Now you may say, but that’s only a gain of $0.11 per contract. And that’s true… but when the Fed announces tomorrow and the market goes crazy in response, and KO suffers a loss, I will be glad I got out.

Risk management isn’t just cutting your losses. It could also be a situation where you take a small gain to ensure a gain happens to your account rather than keep your trades exposed to a pending news announcement that no one is sure what it will do to the markets.

KO hasn’t done much since the trade was put on, resulting in theta decay affecting this trade more so than delta or gamma working in our favor.

Here’s your trading lesson summary:

STRATEGY: Managing your winners

  1. Never let a winner turn into a loser.
  2. Protect your profits.
  3. Pay attention to the markets.

The Fed may well tell the markets exactly what they want to hear, sending stocks higher and our bullish option trades into the stratosphere.

But no one knows exactly what the Fed is going to do. It’s essentially a gamble to wait and see.

I’m not willing to risk actual profits for the potential to do a little bit better.

Tom Gentile,

America’s #1 Trader

8 Responses to “Why I’m Taking Profits Before 2 p.m. (and You Should Too)”

  1. Money Calendar Alert Subscribers – If you have been getting my emails, we have had a busy week doing exactly what is mentioned in the article above… Please refer to the specifics in each email I sent you but we exited 4 positions this week ahead of todays FED decision…

    KO (Coca Cola)- You can see it above, closed this trade out for a small gain
    PCLN (Priceline)- Opened on Monday, closed a day later for a 100% gain
    COST (Costco) – Opened Sept 1, closed out yesterday for a 49% gain
    NKE (Nike) – Opened this week, closed out today for a 51% gain

    Again, Money Calendar sets the entry and exit dates, but this was one of those reports that could swing our profits into losses, so it was better to take the money and run. Greater than 200% in a week, not bad…
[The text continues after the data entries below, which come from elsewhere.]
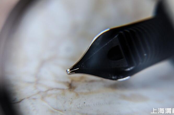 比較簡單的方法是拿小刀片調整中縫的開縫大小,和筆尖與筆舌間的距離,使更多的墨水能夠到達銥粒這邊,靠重力也能克服最后內凹的這點距離。這一步驟俗稱“刀尖”。只要不刮花金屬鍍層,基本上整個過程還是可逆的,就算一次下來效果不滿意也有進一步調整的余地。比如刀得太寬了,還能捏一捏再讓他緊一點。注意這里我們并不是要把中縫一味地開大,而是調整到合適的寬度,因為太寬墨水還是會留在中縫里,太窄又無法順利地從筆舌那邊引過來。
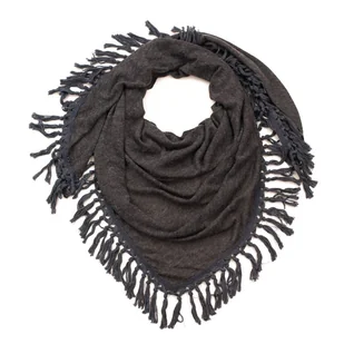 Duża, mięsista chusta zakończona frędzlami.Wykonana z miękkego materiału z dodatkiem wełny.O trójkątnym kształcie.Doskonały wybór na chłodne dni.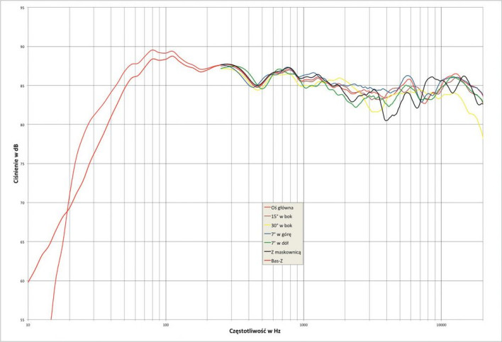Charakterystyka z osi głównej i z osi +7O mieści się w ścieżce +/-3 dB (pod warunkiem zamknięcia obudowy), od 42 Hz do... dokładnie nie wiemy, bo nasz pomiar kończy się przy 20 kHz, ale jeżeli powyżej ma dalej tendencję do opadania, którą widać już przed tą granicą, to właśnie do 20 kHz.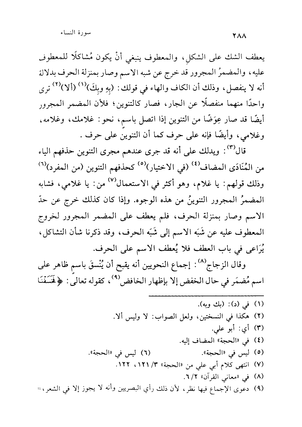 (¬2) في "الحجة" لم يستجيزوا العطف عليه في حال السعة إلا بالتأكيد.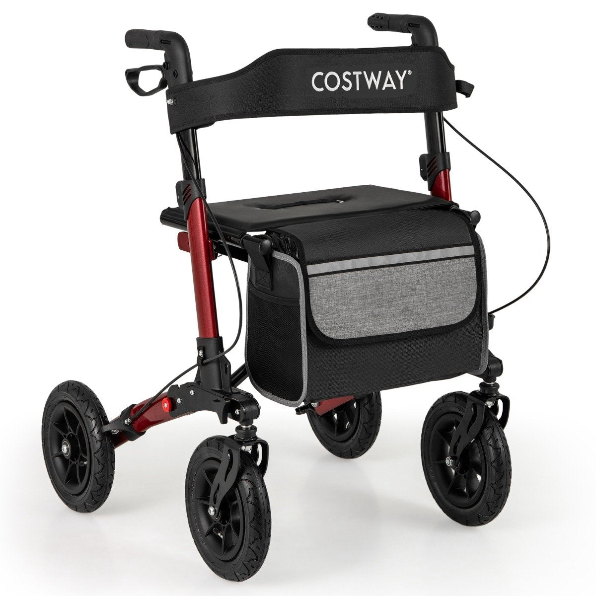 Walker for Seniors with Seat Folding Rollator Walker with Pneumatic Tires-Red

    Now we can sit back, wait until 2pm, and watch the fireworks from afar, without stress… A bird in the hand… right?


  2. Tom,
    Your comments above seem right on. I really wish you had said this from the beginning of your advisery service. There have been numerous occasions when we were initially significantly in the green and then turned negative. One such event was the first GS trade. It was up significantly prior to announcing earnings then crashed thereafter. I thought I was following your strategy correctly by holding through earnings. KO and NE were also significantly up before going negative. Boy do I feel stupid for doing what you had recommended instead of listening to what you suggest now. This has also stopped me from taking your bullish trades after the markets crashed as I did not feel waiting to either double or wait for your expiration date was worth taking the trades. Do you have any other suggestions, or is this going to be how to trade going forward? I ask this because the markets will remain volatile probably at least until the end of the year or beyond. Keith

  3. Thanks for the comments all… Its been a busy week!

    I am expecting another week or two of continued volatility and possibly a retest of the August lows, then I think we slow down the craziness a bit. I plan on tightening up my trades a lot for the next two weeks, with stingy limit orders due to the swings.
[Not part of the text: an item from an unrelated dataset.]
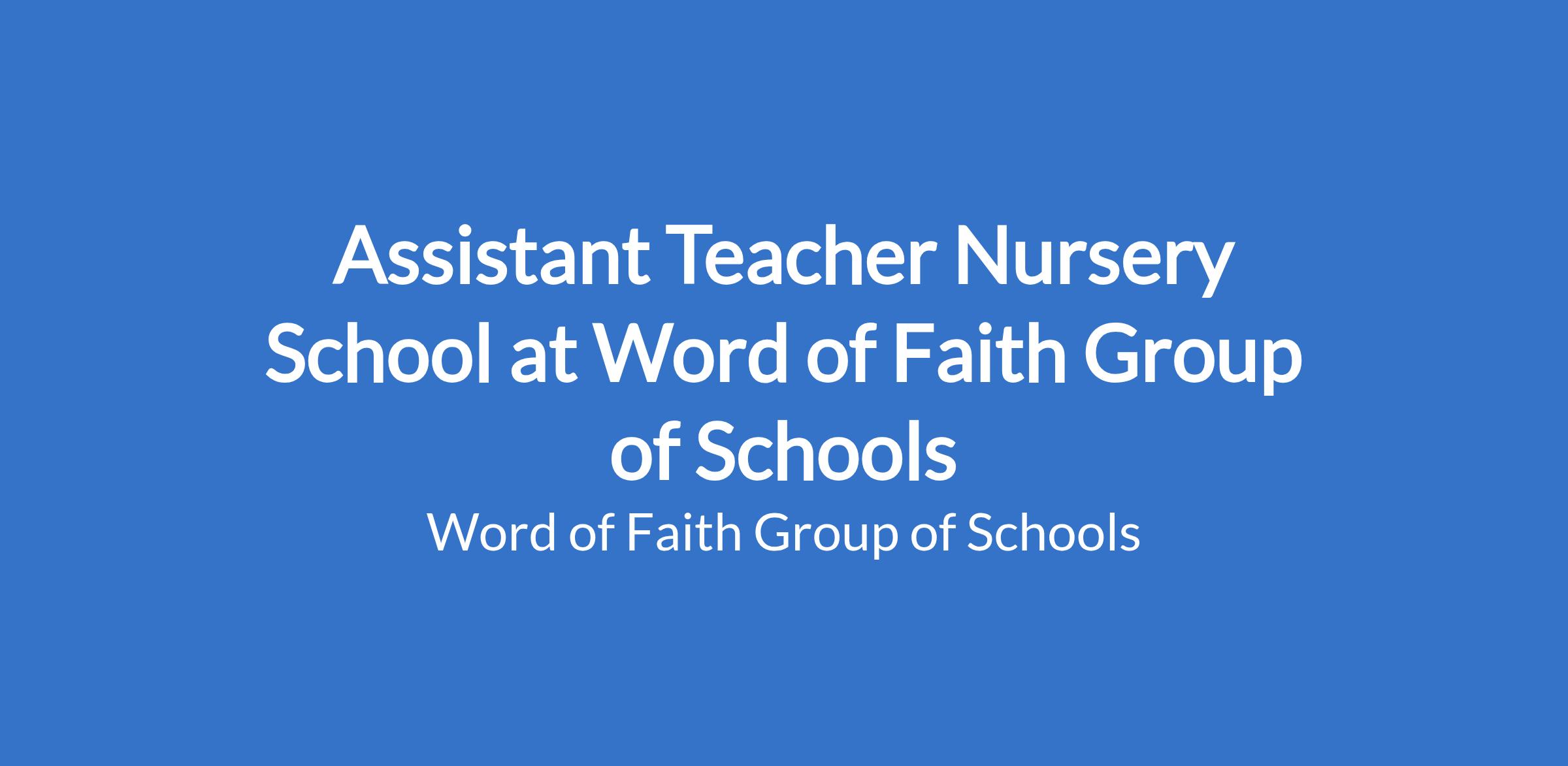 Assistant Teacher Nursery School at Word of Faith Group of Schools
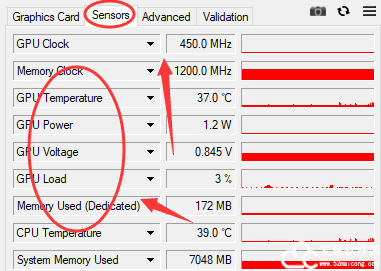 2、点击传感器就可以看到显卡的频率以及显存频率等。

    Keith – Over the last years of doing this I relied solely on the entry and exit dates, and not all the minutia between those dates. What I also know is that with increases in volatility and uncertainty, its best to exit no matter what ahead of earnings or a major report like the FED decision. All my research has shown that in those cases, theres not much more to be made afterwards. Tough to get ahead of the curve immediately when it happens, but we are there now. In future cases like this, we will take less rewards, but also less risk too.

    Roland – SU had an entry date of Wednesday, so its only been open since then. And with the drop in the markets, I expect SU and NE to pullback as well. These both have exit dates at the beginning of October so we have time and volatility on our side with these. I will be posting videos on what to do next to go out Monday or Tuesday.